Contributions of proteasomes to the physiology of M. tuberculosis. (A) Proteasomal degradation of the cytokinin synthase Log keeps levels of cytokinins and aldehydes low. Accumulation of Log in a Pup-proteasome mutant causes increased cytokinin production. Cytokinins break down into aldehydes, which cause cytotoxicity in the presence of NO. (B) In wild-type bacteria, the transcriptional repressor RicR binds Cu⁺, causing its dissociation from promoters controlling the expression of Cu homeostasis genes at five loci on the M. tuberculosis chromosome. In the absence of proteasomal degradation, RicR appears to sense low intracellular Cu levels and binds to DNA, repressing expression of these genes.
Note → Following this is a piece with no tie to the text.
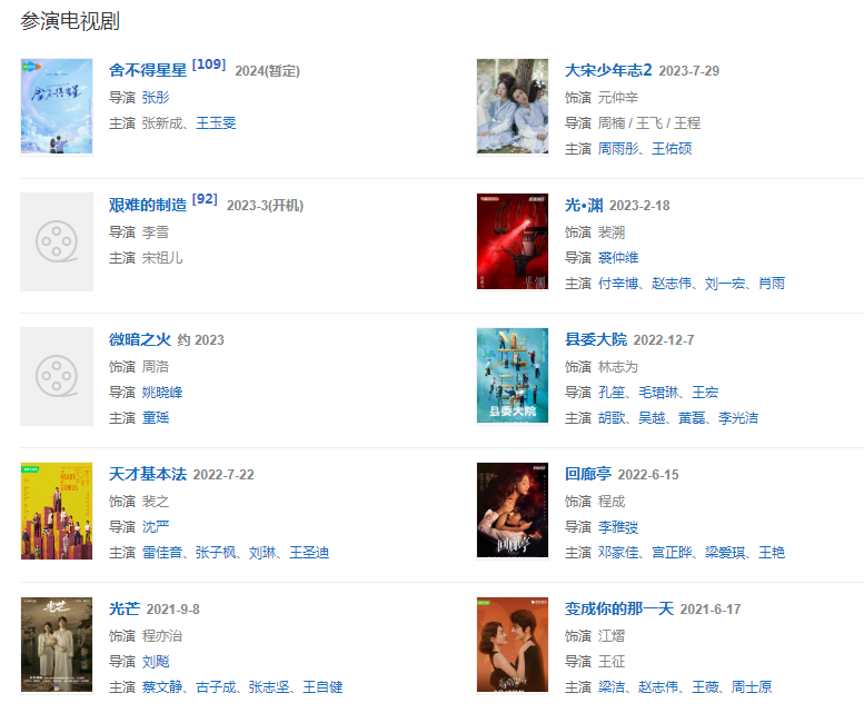代表作品:你好,舊時光、大宋少年志、冰糖燉雪梨、以家人之名、變成你的那一天

In the presence of elevated Cu levels, the RicR regulon may not be induced fully in a Pup-proteasome mutant. It is unclear if it is the weak induction of this regulon or another unidentified pathway that results in the hypersensitivity of Pup-proteasome system mutants to Cu. (C) The heat shock-responsive transcriptional repressor HspR, which controls expression of the protein chaperone-encoding genes dnaK, clpB, and hsp, is degraded by the PafE-proteasome. The abundance of misfolded proteins is kept low by DnaK, ClpB, and Hsp, and possibly by direct degradation by the PafE-proteasome. When degradation is disrupted, it is presumed that the failure to degrade HspR causes incomplete derepression of chaperone genes, leading to an accumulation of toxic unfolded proteins. See the text for proteasome-regulated pathways in other bacterial species.